Как ей удалось уладить свои дела с управдомом и оказаться
вписанной в домовую книгу, в это священное писание, в эту
библию квартуполномоченных и дворников, оказаться вписанной,
вряд ли имея на это право? Не думаю также, что в ее времен-
ном удостоверении, полученном ею вместо якобы утерянных до-
кументов, стояла подлинная дата ее рождения.
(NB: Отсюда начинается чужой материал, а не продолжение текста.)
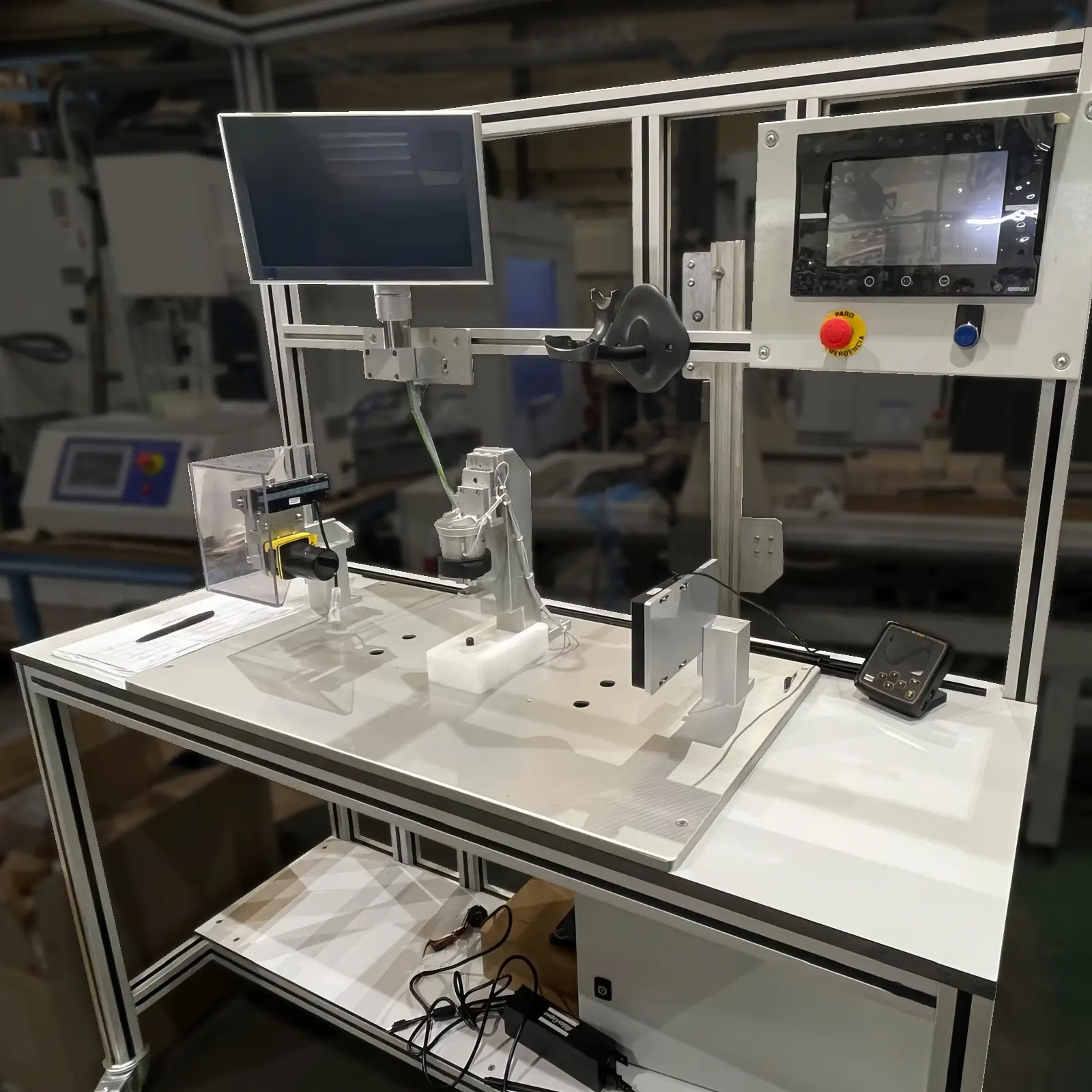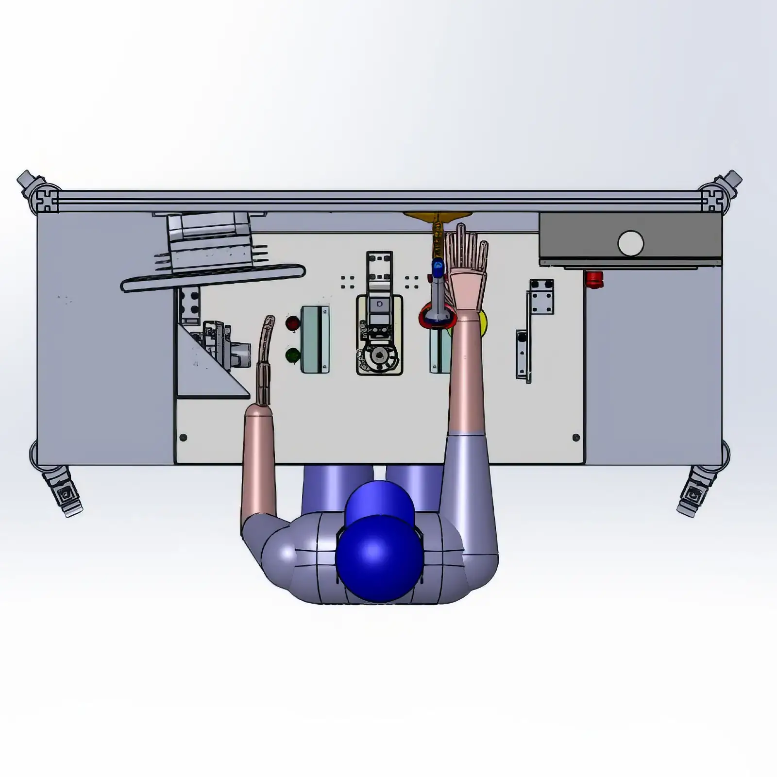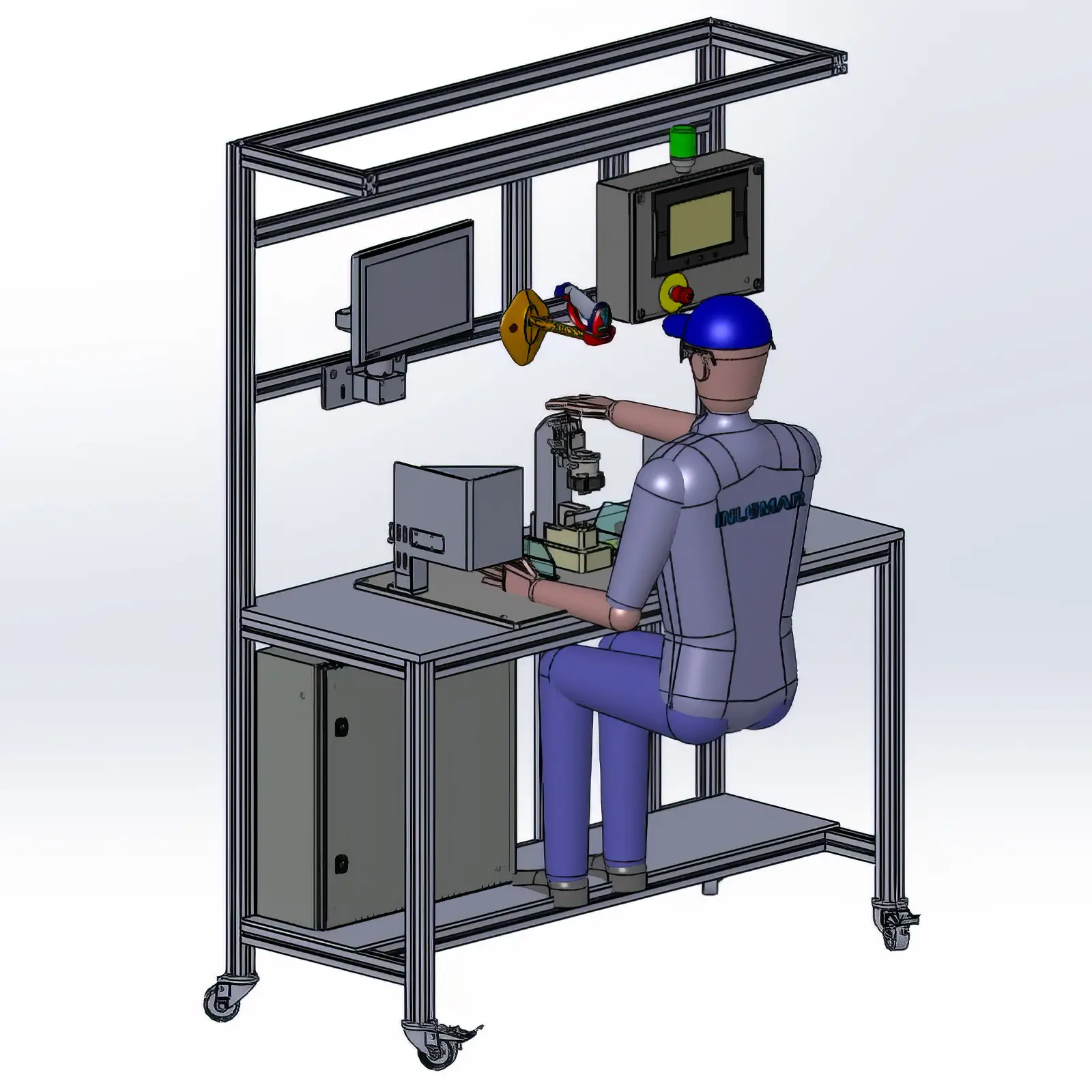 Partiendo del análisis de los equipos existentes y de la experiencia de los operarios, diseñamos un puesto de trabajo compacto, optimizado en ergonomía e integración de sistemas, al que incorporamos los siguientes elementos:

Художники охотно писали ее, выдавая ее изображение то за
работницу с табачной фабрики, то за Татьяну из "Евгения Оне-
гина", то за гоголевскую панночку из повести "Вий" (в чем
было куда больше правды), то за современную Кармен, Кармен с
Лиговки или с Пряжки, идеализированную и академизированную
шмару, одну из тех, что породил нэп.
Я тоже писал ее и одетой и раздетой, вглядываясь в ее те-
ло и стараясь передать всю ее несколько потустороннюю лег-
кость, немножко, правда, отяжелевшую и огрузневшую за пос-
ледние месяцы, - месяцы ее внедрения в василеостровский быт.
Да, она стала более земной, более василеостровской, что ли,
словно уже не собиралась расставаться с квартирным миром,
пахнущим керосином, веником и кислой капустой, для другого,
в котором она должна была пребывать.
Мы ходили с ней в кинематограф "Форум" смотреть "Закрой-
щика из Торжка" и "Кабинет доктора Калигари".
Она нашептывала мне стихи одного тогда очень известного
рафинированного поэта:
"Ну, где же ваш близнец?" - "Сейчас, терпенье".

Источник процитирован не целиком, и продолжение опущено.